REFLECTIONS DURING THANKSGIVING-CHRISTMAS SEASON

THE METAMORPHOSIS
By
Ernie Delfin
Youth Services Director
Newport Irvine Rotary Club

SOME REFLECTIONS FOR THANKSGIVING AND
THE FORTHCOMING CHRISTMAS (HOLIDAY) SEASON

“ For everything under the sun, there is a reason and there is a season”.

--- A paraphrase from the Book of Ecclesiastes

The United States is making history. It just elected Barack Obama as its first Black American president after a long spirited campaign amidst the worst U.S. economy since the Great Depression in the 1930s. This financial tsunami has already resulted to an unprecedented foreclosures of homes and the failure (and subsequent bailouts) of several financial giants, like AIG, Freddie Mac and Fannie Mae. Despite all these depressing economic news, however, millions of people from other countries still desire to immigrate and live in the United States, much more than those wanting to leave. The USA remains a strong magnet to millions of foreigners.

Why are Americans unhappy or depressed then? Because we Americans are spoiled people in so many ways because we are used to a very comfortable and easy- going lifestyle. We were used to pay only about $30, not $100 to fill up the gas tanks of our SUV’s. When our 401(k) retirement accounts or our American dollars depreciate, we get depressed. When the values of our houses tumble, we cry because our houses for decades have become as our revolving “savings” account. Road rage increases where there is too much traffic whereas in many parts of the world, freeways and cars are just a dream! And the list goes on and on.

# # #
This coming Thanksgiving week and the advent of the Holiday or Christmas Season, it is an opportune time for all of us to take a pause to reflect and consciously take minute vacations from our tupsy turvy world and start counting the many blessings that we often take for granted. We should simply ignore those luring advertisement subliminally convincing us that we can never be happy without buying that designer clothes or taking that expensive vacation. No one should ever listen that it is necessary to have those cosmetic surgeries to remove the excess fat in one’s tummy or wrinkles in one’s aging face in order to look young and beautiful. The coming Holidays should not only be about material gifts but also gifts of time and energy to nurture better relationships.
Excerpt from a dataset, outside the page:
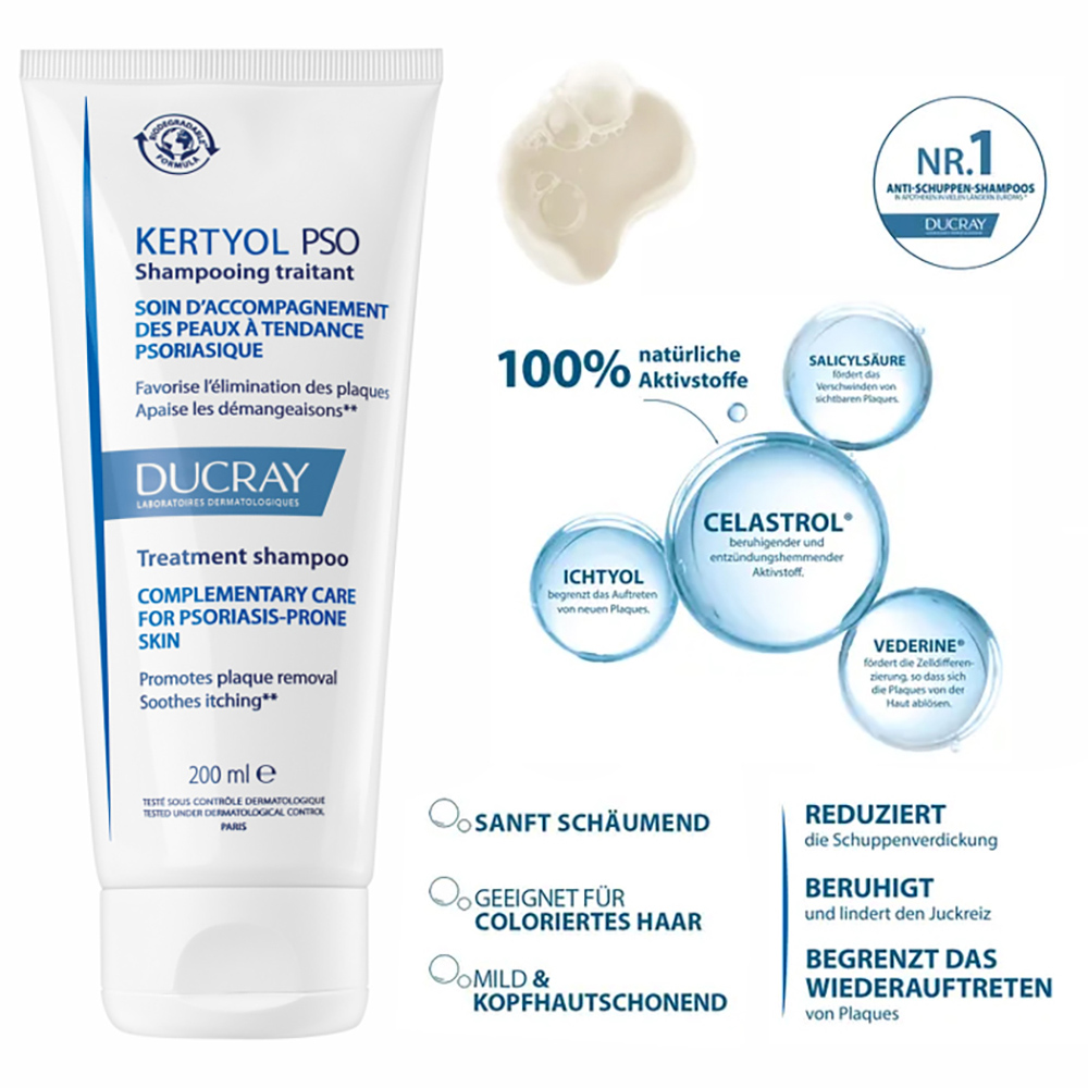 The KERTYOL PSO cure shampoo from Ducray is a special medical care product for scalps prone to psoriasis. Developed in close collaboration with dermatologists and patients, this shampoo offers an effective solution to relieve itching, reduce psoriasis plaques and strengthen the skin barrier.

On a more serious note, I believe that to be truly happy and fulfilled is to have a grateful heart and to become a child once again. Children are pure and simple. They are colorblind; share their toys with anyone. They do not carry grudges or hatred in their hearts; they are quite innocent, guilt free and unbiased.

Once we are grown up, we leave childlike behaviors behind. We learn and acquire acts of prejudice, pride, discrimination and greed along the way. In the adult world, he who has more toys wins! We crave for the applause of men and are driven for that ephemeral l5 minutes fame. People are driven to become recognized by what they possess rather than by the content of their character that defines who they are. We forget that each one is unique individual and each is given his own talents by God as His gift to us as human beings. What we do with those talents is our own gift to Him that gave us.
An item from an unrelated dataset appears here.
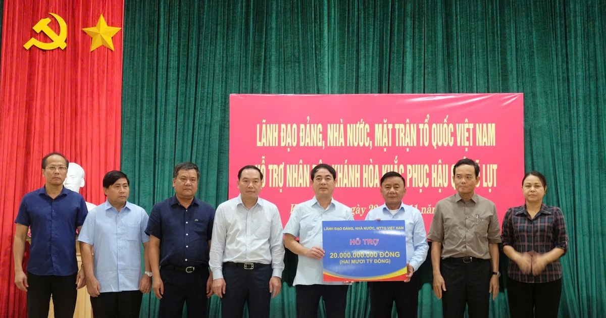 Đoàn công tác của Bộ Chính trị do Thường trực Ban Bí thư Trần Cẩm Tú dẫn đầu đã đến xã Diên Điền (Khánh Hòa) thăm hỏi, động viên, người dân tại địa phương chịu thiệt hại ngập lụt nghiêm trọng nhất tỉnh.

Psychologists say that the Holiday season increases the level stress, depression and even suicides in our society. When pangs of anxiety or depression come, an effective prescription is to go out and volunteer to feed the hungry and the homeless. To go to a spiritual retreat or a visit to the graves of some loved ones can also prevent anxiety attacks or depression.

If you feel sad because you cannot afford to buy those $300 pair of shoes, your mental paradigm can change by this Hindu proverb:

“I CRIED AND CRIED BECAUSE I HArtrtVE NO SHOES,
UNTIL I SAW A MAN WITH NO FEET AT ALL!”

Have a blessed, peaceful and Christmas Holidays everyone!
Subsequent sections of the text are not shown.